Keduanya saling pandang dan mereka tahu bahwa keduanya ingin mundur. Namun, sebelum mereka dapat melakukannya, angin yang sangat kencang dan dahsyat tiba-tiba menerpa. Sosok tongkat hitam gelap menghantam seperti gunung dan tanpa ampun menghancurkan tubuh mereka dengan momentum yang mengejutkan.

“Grug!”

Liu Cheng dan Hu Diao segera memuntahkan seteguk darah segar. Tubuh mereka terlempar ke belakang, mencabut banyak pohon besar di sepanjang jalan. Cahaya keemasan yang berkedip di atas tubuh mereka menjadi redup secara tidak biasa saat ini.

Sosok kuat itu tiba-tiba jatuh dari langit. Ia tampak seperti iblis saat aura ganas dan jahat menyebar. Tongkat logam di tangannya menari-nari dan suara angin kencang terus terdengar.

“Karena kau sudah datang, jangan pergi!!”

Kegarangan muncul di mata Little Flame. Suara rendah dan dalam, bersama dengan niat membunuh, menyebar di hutan ini.

Ekspresi kelompok Liu Cheng menjadi jauh lebih pucat saat mereka melihat segel logam yang dipegang Lin Dong dan juga Little Flame yang memegang batang logam. Mereka segera berteriak dengan nada gelap dan kejam, “Lin Dong, apakah kau benar-benar ingin menjadi musuh kami? Orang-orang yang mendukung kami bukanlah orang-orang kecil sepertimu yang bisa kau hadapi. Lebih baik kau jangan menolak niat baik kami atau kau akan menderita nasib yang lebih buruk!”

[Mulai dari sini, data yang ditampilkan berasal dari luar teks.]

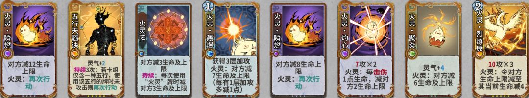 一般情况是依靠火牌的高输出优势,4-5动速杀。但在已知对面杀死自己之前无法击败对手时(需要算自己伤害和预估对面伤害),可以靠护体丹/驱邪丹,或转混元火土(只需要多留3-4张牌即可转型)来获得胜利。

“Kami bersedia mundur dan tidak mencari masalah dengan kalian. Namun, lebih baik kalian jangan meminta terlalu banyak jika diberi sedikit!”

Mata Lin Dong acuh tak acuh. Cahaya hitam melingkar menyebar dari segel hitam di tangannya. Dia menoleh dan menatap mereka berdua, lalu tersenyum. Gigi putih cerahnya dipenuhi dengan rasa dingin di mata kelompok Liu Cheng.

“Tidak perlu mundur. Aku akan mengambil nyawa kalian semua tanpa memandang latar belakang kalian.”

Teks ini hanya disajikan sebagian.